----- Records to process -----

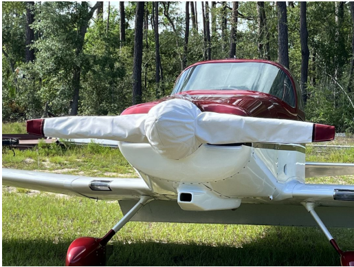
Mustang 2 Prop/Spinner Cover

-----
----- Records to process -----

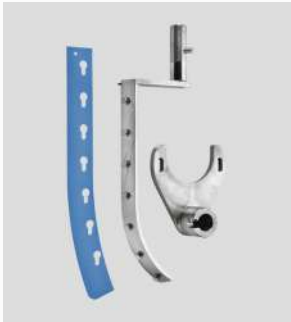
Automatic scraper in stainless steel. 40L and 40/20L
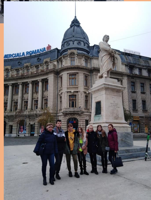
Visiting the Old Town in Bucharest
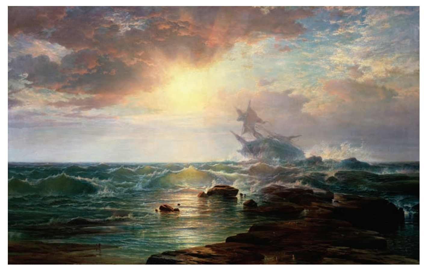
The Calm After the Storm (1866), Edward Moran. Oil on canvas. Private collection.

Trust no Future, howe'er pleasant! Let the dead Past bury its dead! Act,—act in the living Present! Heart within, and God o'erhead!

-----

## Brief
Of the records above, print only the lines from the one containing "Automatic scraper in" through the one containing "Trust no Future, howe'er", inclusive and unaltered, leaving out pictures.

## Exercise response
Automatic scraper in stainless steel. 40L and 40/20L
Visiting the Old Town in Bucharest
The Calm After the Storm (1866), Edward Moran. Oil on canvas. Private collection.

Trust no Future, howe'er pleasant! Let the dead Past bury its dead! Act,—act in the living Present! Heart within, and God o'erhead!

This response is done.